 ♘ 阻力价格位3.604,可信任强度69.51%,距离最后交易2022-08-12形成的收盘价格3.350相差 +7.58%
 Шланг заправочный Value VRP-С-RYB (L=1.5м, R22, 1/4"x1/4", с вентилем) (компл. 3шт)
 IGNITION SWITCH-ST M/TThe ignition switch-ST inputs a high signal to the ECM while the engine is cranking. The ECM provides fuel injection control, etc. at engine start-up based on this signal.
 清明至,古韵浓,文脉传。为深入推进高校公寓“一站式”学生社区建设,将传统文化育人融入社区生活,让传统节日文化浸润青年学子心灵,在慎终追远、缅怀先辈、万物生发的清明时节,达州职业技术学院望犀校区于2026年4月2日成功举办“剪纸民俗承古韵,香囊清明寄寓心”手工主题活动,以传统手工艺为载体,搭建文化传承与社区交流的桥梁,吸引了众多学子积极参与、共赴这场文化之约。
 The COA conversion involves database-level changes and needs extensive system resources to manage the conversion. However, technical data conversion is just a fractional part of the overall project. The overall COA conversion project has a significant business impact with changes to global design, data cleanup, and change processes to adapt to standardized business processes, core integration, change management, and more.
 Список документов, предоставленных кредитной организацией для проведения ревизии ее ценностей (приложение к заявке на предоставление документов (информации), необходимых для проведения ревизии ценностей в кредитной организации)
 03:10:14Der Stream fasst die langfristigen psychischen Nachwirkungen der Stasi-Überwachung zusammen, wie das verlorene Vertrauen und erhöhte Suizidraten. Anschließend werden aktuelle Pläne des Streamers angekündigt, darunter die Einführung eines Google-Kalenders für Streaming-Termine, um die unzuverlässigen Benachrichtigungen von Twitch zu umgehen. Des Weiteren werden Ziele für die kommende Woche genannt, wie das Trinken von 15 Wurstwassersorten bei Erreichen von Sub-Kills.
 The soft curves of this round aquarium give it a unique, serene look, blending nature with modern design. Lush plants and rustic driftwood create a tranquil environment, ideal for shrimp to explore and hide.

---

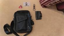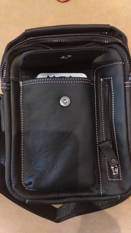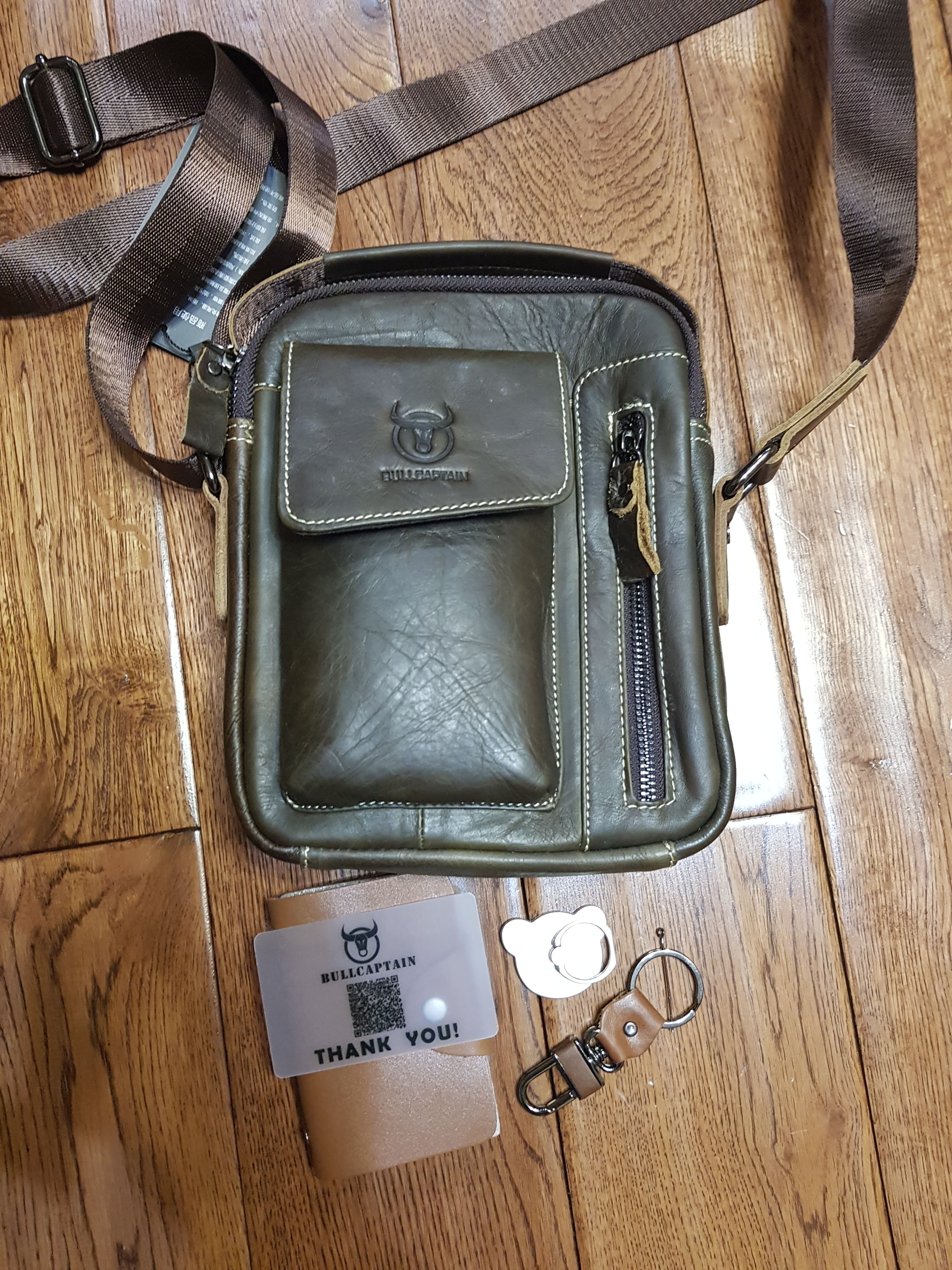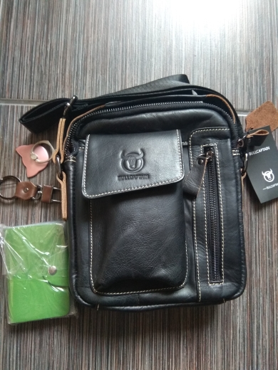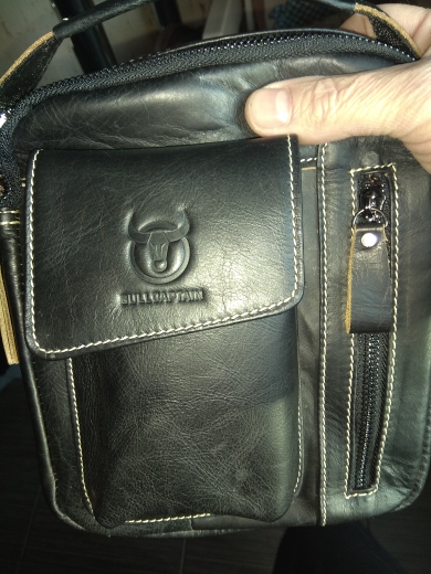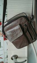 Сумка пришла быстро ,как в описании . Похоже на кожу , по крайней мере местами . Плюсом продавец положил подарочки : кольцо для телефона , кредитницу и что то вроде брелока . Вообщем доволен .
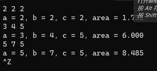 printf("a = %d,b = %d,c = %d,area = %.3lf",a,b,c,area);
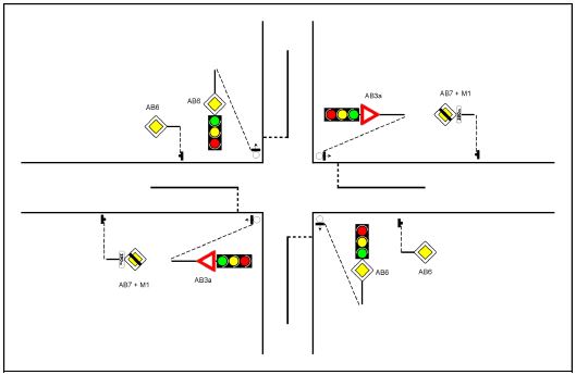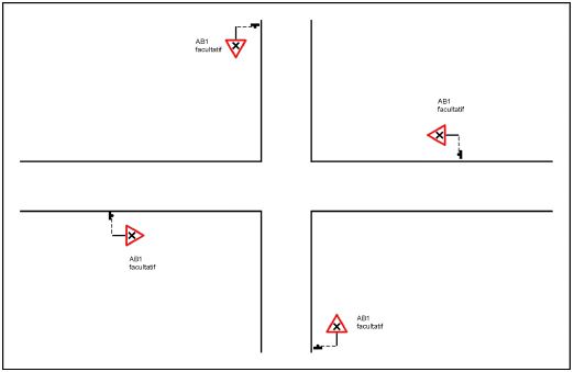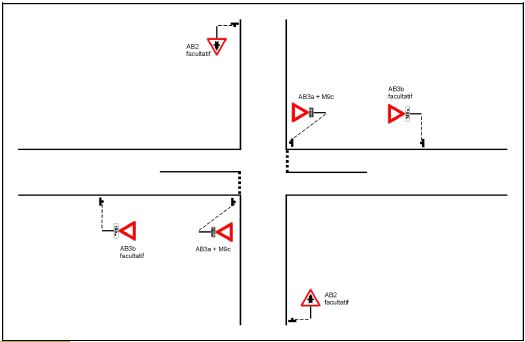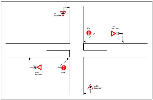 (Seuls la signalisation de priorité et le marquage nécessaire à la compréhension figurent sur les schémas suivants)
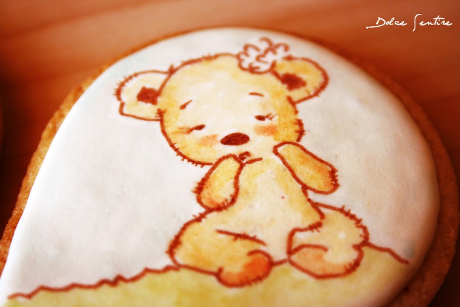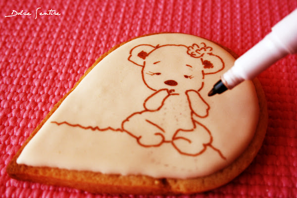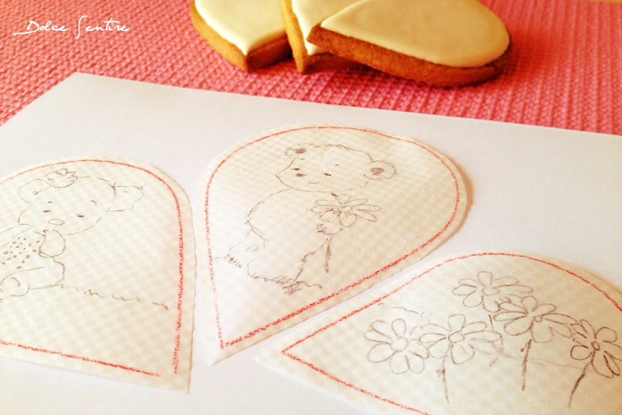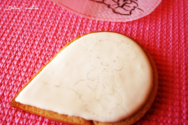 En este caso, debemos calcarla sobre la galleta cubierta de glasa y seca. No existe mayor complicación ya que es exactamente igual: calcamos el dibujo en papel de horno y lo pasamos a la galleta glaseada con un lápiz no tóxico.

Try it –
There is a line with "03:10:14Der Stream fasst" and a line with "The soft curves" above. Copy exactly those two lines and all lines between them, with nothing else.

Result for this exercise –
 03:10:14Der Stream fasst die langfristigen psychischen Nachwirkungen der Stasi-Überwachung zusammen, wie das verlorene Vertrauen und erhöhte Suizidraten. Anschließend werden aktuelle Pläne des Streamers angekündigt, darunter die Einführung eines Google-Kalenders für Streaming-Termine, um die unzuverlässigen Benachrichtigungen von Twitch zu umgehen. Des Weiteren werden Ziele für die kommende Woche genannt, wie das Trinken von 15 Wurstwassersorten bei Erreichen von Sub-Kills.
 The soft curves of this round aquarium give it a unique, serene look, blending nature with modern design. Lush plants and rustic driftwood create a tranquil environment, ideal for shrimp to explore and hide.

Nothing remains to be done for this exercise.